### SOURCE DATA
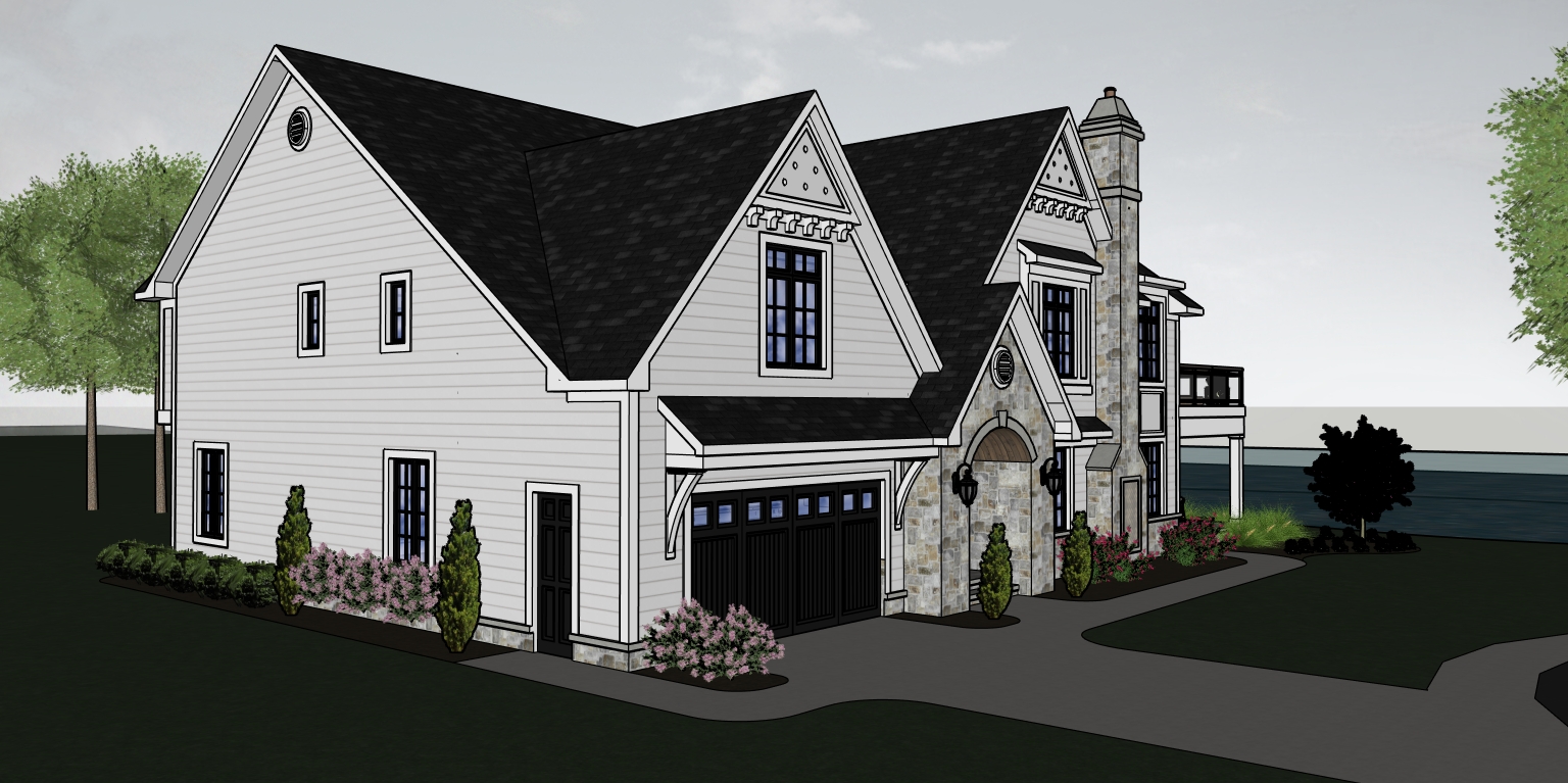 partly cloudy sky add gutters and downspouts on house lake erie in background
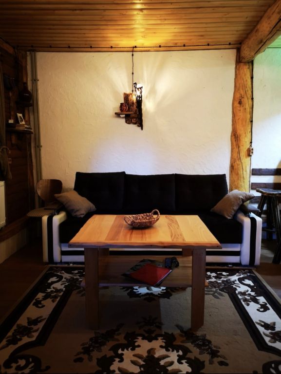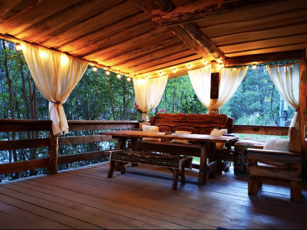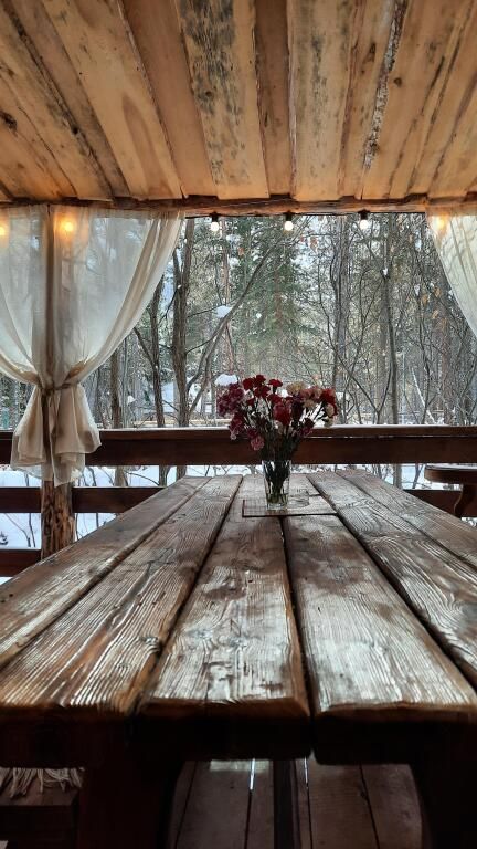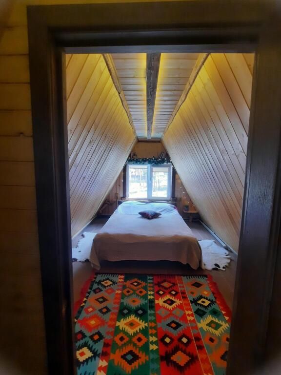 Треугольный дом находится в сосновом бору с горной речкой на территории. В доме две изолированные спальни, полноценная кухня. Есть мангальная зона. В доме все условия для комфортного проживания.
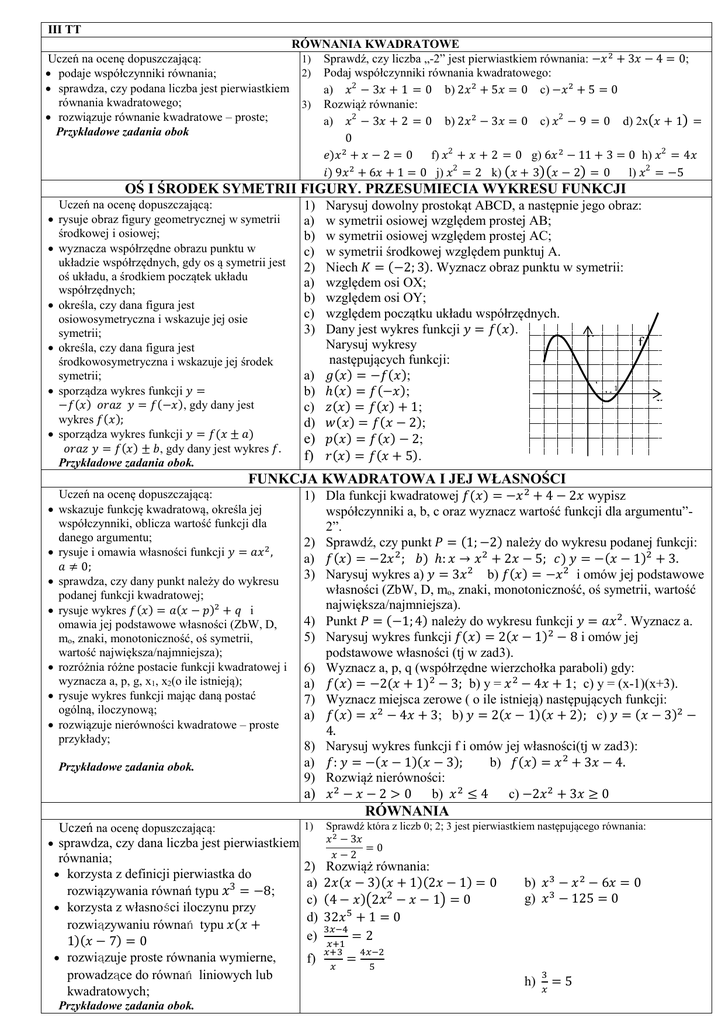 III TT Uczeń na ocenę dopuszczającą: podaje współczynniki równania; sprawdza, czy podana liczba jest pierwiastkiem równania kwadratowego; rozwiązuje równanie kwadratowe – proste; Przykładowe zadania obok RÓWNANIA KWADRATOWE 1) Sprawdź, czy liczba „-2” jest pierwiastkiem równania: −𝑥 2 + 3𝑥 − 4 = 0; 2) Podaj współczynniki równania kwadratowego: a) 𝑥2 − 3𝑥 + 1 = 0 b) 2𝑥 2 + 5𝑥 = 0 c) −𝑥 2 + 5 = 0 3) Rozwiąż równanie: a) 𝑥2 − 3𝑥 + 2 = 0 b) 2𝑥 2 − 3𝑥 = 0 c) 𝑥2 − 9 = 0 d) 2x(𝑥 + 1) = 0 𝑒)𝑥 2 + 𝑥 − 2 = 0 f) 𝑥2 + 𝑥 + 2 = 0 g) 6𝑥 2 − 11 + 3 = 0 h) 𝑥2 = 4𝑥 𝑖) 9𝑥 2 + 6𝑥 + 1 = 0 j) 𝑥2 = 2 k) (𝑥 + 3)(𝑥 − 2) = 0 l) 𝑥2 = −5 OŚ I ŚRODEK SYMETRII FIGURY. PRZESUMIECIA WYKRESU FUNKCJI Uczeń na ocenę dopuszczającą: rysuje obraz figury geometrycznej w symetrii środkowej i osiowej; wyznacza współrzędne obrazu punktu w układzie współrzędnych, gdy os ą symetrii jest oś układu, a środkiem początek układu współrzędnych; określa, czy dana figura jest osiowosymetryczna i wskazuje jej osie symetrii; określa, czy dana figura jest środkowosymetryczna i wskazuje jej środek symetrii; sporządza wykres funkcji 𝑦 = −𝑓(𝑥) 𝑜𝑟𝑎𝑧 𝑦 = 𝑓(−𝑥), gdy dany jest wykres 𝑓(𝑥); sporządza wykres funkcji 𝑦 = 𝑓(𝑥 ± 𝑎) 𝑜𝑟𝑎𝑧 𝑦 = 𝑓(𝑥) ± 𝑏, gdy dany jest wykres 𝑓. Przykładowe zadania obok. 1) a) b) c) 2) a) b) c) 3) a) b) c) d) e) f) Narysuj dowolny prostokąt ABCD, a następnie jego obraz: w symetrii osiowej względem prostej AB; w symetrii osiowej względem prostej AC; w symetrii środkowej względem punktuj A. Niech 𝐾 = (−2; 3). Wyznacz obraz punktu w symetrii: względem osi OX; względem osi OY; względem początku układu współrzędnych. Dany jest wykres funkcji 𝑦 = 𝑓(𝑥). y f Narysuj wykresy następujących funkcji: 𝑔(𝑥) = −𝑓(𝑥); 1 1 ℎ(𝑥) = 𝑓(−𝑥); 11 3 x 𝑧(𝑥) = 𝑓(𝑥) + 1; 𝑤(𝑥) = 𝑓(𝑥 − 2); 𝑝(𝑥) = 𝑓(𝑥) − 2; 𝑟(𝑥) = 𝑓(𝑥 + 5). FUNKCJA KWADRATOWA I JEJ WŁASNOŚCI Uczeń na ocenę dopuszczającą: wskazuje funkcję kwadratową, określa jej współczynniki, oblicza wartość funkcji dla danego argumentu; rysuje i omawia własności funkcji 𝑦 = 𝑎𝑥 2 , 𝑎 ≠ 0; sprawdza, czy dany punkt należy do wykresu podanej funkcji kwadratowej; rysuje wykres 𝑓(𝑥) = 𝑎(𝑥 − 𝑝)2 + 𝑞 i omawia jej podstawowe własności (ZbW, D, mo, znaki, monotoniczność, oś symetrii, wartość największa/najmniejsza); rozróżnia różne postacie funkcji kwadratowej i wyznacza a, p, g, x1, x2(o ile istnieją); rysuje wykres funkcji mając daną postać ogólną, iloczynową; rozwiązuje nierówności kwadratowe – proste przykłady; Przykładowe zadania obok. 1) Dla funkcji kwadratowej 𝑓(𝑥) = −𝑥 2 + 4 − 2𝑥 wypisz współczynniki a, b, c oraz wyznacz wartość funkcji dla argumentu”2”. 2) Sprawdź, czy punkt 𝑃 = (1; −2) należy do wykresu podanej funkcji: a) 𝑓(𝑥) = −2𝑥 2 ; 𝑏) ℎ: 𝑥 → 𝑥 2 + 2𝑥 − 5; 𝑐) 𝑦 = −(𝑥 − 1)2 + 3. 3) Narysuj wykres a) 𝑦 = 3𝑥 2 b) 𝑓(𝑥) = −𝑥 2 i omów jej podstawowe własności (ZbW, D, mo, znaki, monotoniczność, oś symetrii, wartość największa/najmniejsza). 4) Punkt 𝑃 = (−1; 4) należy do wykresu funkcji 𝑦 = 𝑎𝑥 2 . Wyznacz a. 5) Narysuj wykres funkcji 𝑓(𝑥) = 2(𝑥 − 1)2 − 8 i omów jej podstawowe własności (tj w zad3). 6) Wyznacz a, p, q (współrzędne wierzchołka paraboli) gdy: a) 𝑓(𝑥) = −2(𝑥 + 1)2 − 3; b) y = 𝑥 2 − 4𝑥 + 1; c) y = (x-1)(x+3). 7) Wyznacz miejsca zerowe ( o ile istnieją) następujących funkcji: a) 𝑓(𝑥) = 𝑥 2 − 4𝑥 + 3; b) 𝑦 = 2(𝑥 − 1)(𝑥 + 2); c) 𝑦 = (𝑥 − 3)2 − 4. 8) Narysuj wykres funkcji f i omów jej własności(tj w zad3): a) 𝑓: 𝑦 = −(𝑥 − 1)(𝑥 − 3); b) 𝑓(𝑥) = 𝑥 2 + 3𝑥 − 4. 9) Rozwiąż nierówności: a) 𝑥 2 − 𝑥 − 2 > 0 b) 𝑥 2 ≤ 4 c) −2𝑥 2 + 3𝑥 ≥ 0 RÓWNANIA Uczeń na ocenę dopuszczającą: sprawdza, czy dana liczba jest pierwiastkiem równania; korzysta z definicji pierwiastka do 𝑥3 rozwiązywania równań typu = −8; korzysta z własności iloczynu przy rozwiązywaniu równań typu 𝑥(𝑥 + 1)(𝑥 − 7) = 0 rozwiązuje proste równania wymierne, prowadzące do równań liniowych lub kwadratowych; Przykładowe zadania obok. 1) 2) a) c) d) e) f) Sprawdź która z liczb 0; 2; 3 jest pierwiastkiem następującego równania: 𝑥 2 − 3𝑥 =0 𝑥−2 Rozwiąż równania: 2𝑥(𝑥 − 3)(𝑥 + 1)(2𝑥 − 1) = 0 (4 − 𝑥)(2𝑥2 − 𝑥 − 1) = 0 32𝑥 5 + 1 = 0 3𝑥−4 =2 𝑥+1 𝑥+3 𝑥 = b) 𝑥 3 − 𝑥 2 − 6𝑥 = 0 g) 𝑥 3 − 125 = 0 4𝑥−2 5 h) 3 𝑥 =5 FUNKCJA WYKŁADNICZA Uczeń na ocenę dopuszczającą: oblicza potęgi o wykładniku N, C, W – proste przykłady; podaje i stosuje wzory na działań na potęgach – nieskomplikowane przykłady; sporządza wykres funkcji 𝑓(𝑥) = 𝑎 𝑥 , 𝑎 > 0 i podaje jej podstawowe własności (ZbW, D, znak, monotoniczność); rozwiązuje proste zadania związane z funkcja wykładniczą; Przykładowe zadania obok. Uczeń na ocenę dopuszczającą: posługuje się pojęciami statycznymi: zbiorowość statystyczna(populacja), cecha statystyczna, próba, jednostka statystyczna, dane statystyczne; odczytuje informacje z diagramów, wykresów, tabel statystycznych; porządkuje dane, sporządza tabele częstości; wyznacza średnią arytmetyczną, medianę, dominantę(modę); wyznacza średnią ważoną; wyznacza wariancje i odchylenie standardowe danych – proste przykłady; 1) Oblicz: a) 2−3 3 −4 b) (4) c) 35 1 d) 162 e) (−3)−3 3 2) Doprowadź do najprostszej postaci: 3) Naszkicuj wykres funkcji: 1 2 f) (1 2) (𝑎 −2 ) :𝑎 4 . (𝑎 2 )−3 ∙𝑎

### TASK DIRECTIONS
Would you copy, exactly, each line from the start of the listing above through the line with "Треугольный дом находится", both ends included, but none of the pictures?

### TASK ANSWER
 partly cloudy sky add gutters and downspouts on house lake erie in background
 Треугольный дом находится в сосновом бору с горной речкой на территории. В доме две изолированные спальни, полноценная кухня. Есть мангальная зона. В доме все условия для комфортного проживания.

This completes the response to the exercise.